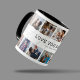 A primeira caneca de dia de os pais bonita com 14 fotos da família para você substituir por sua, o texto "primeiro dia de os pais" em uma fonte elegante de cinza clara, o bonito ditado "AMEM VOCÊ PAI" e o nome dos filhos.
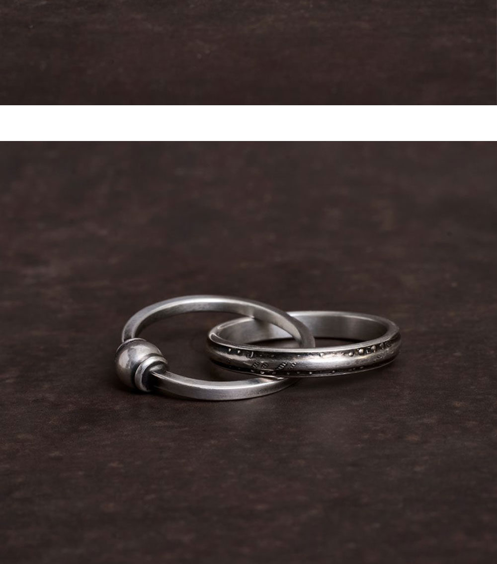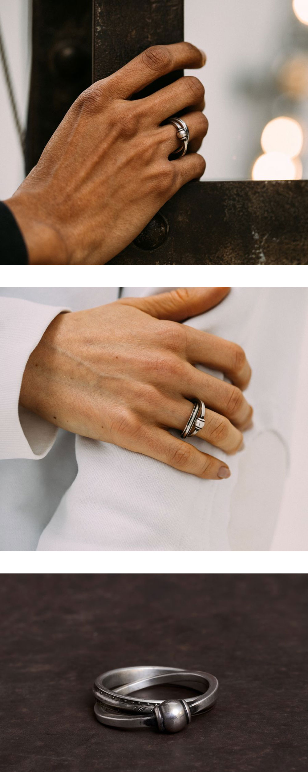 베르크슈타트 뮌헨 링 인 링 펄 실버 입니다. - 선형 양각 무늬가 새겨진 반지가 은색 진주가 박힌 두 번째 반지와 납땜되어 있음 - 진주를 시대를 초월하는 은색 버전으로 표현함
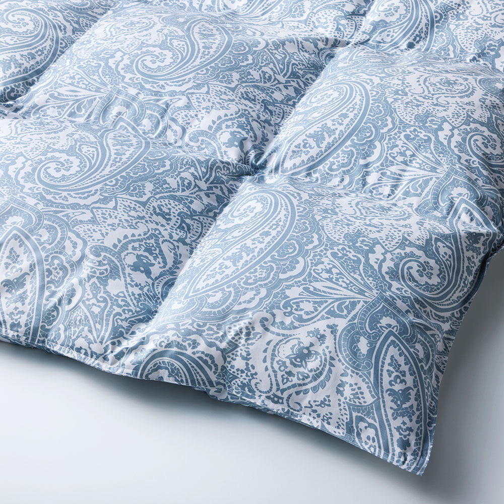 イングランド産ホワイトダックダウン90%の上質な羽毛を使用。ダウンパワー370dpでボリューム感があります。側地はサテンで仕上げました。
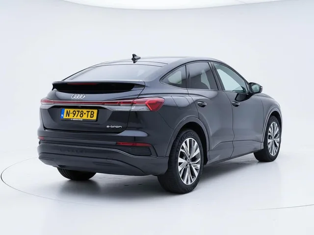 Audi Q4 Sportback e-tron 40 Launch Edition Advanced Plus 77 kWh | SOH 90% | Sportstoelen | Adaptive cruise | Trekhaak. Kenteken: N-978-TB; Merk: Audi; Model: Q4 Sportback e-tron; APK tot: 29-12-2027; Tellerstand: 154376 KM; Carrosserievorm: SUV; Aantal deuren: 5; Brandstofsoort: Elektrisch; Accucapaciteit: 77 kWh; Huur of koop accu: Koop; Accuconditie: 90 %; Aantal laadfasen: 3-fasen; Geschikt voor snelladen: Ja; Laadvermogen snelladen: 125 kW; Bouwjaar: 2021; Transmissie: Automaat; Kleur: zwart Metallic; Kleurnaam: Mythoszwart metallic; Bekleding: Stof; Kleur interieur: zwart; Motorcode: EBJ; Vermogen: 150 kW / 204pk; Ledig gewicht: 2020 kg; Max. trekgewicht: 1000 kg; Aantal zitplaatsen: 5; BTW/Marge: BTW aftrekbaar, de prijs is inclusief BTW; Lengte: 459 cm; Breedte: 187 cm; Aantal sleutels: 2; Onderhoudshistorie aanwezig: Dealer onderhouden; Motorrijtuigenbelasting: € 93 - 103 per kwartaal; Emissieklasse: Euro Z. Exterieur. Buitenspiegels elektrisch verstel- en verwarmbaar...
* * * * * * *
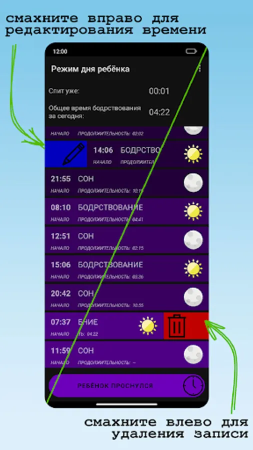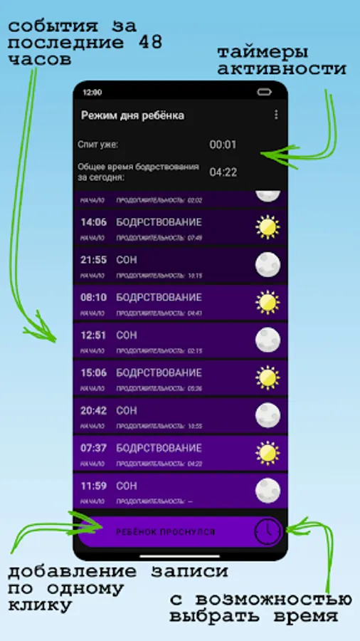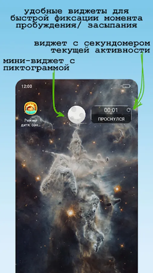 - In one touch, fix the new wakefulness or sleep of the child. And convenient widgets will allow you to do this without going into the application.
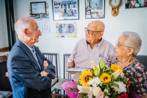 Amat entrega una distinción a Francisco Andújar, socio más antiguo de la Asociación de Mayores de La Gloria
* * * * * * *
Task details: Using the entries above, write out exactly the lines from the one with "- In one touch, fix" through the one with "Amat entrega una", ends included. Leave out any pictures.

Exercise response:
 - In one touch, fix the new wakefulness or sleep of the child. And convenient widgets will allow you to do this without going into the application.
 Amat entrega una distinción a Francisco Andújar, socio más antiguo de la Asociación de Mayores de La Gloria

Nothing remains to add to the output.